WichitaLiberty.TV: Radio Host Andy Hooser

In this episode of WichitaLiberty.TV: Radio talk show host Andy Hooser joins Bob Weeks to discuss millennials, issues in Kansas state government, and the Donald Trump Presidency. View below, or click here to view at YouTube. Episode 151, broadcast May 21, 2017.

Shownotes

Explaining the Kansas budget, in a way

A video explaining the Kansas budget is accurate in many aspects, but portrays a false and harmful myth regarding school spending.

A popular video explaining the Kansas budget deserves scrutiny for some of the data presented. The video is available at the Facebook page of Loud Light.

The presentation makes a few good points. For example, the video is correct in that the sales tax is a regressive tax, affecting low-income households in greater proportion. During the capaign for a Wichita city sales tax in 2014 I analyzed Census Bureau data and found that the lowest income class of families experience an increase nearly four times the magnitude as do the highest income families, as a percentage of after-tax income.1 2

The video also rightly notes that Kansas is now, and it has in the past under other legislatures and governors, inadequately funding KPERS, the state employee pension plan.

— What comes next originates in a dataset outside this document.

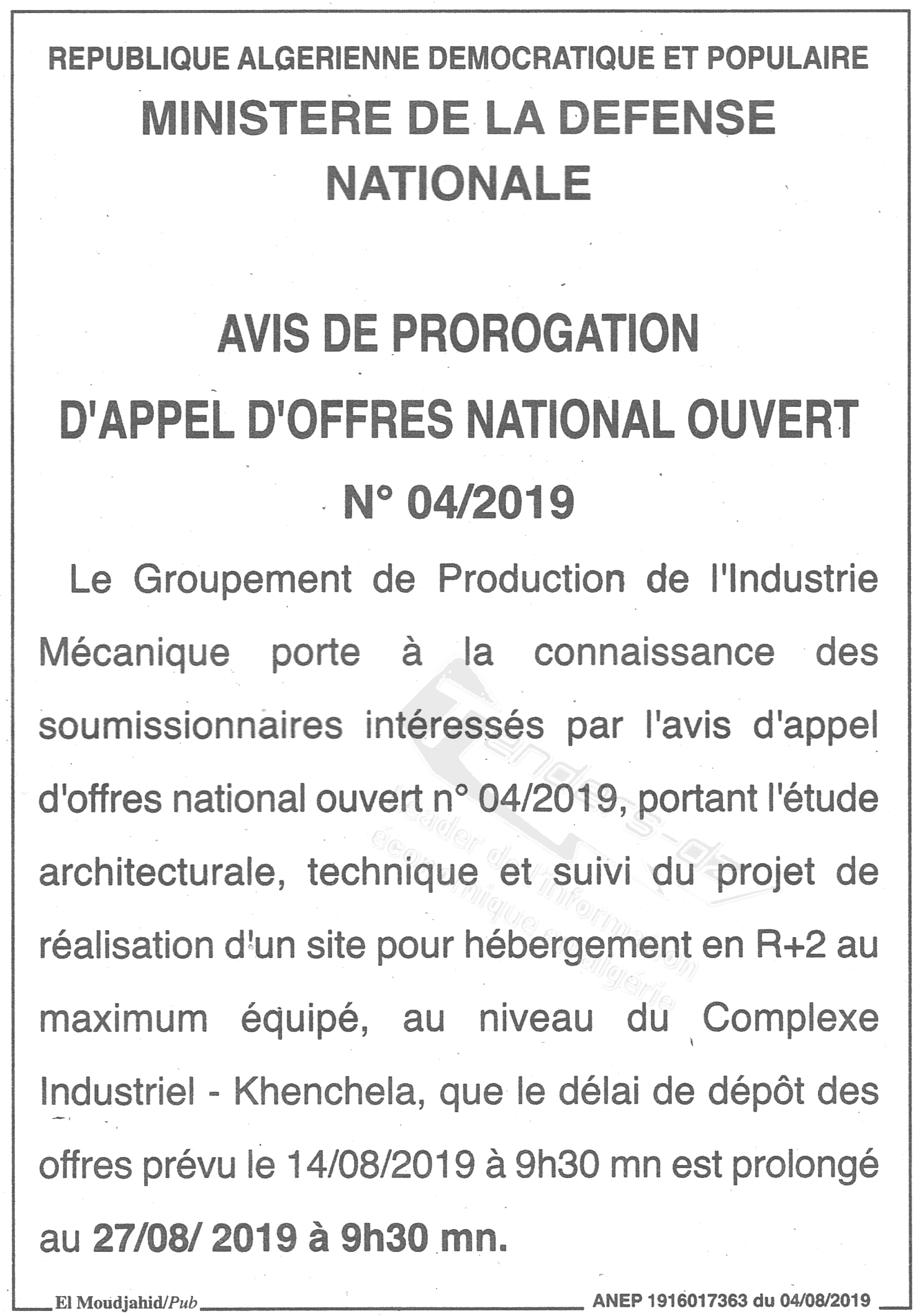 Objet : Etude architecturale , technique et suivi du projet de réalisation d'un hôtel équipé en R+2 au niveau du complexe industriel Khenchela

Interestingly, the video praises Kansas for its early adoption of “progressive economics.” I think the narrator meant “progressive taxation,” as the video shows Kansas adopting an income tax in 1933. How has that worked for Kansas? There are a variety of ways to look at the progress of Kansas compared to the nation, but here’s a startling fact: For the 73rd Congress (1933 to 1935) Kansas had seven members in the U.S. House of Representatives. (It had eight in the previous session.) Today Kansas has four members, and may be on the verge of losing one after the next census. This is an indication of the growth of Kansas in comparison to the nation.

Kansas Department of Transportation Funding, partial. Click for larger.
The narrator states, “Kansas Department of Transportation is mostly funded by restricted revenue like fuel tax.” This was true at one time. But starting in 2011 KDOT has received more funding from sales tax than motor fuel tax.3 The gap is getting wider, as can be seen in the nearby chart. (By the way, there are proposals to increase the motor fuel tax. This tax is just like the sales tax, affecting low-income households greatest.)

School spending

The greatest problem in this video is its explanation of state spending on K through 12 schools. This is important, as the video correctly notes that this spending is half of the general fund budget. In introducing this section, the narrator notes “budget report gamesmanship that’s created a rhetorical paradox,” conceding it is “technically” true that education spending is at record levels.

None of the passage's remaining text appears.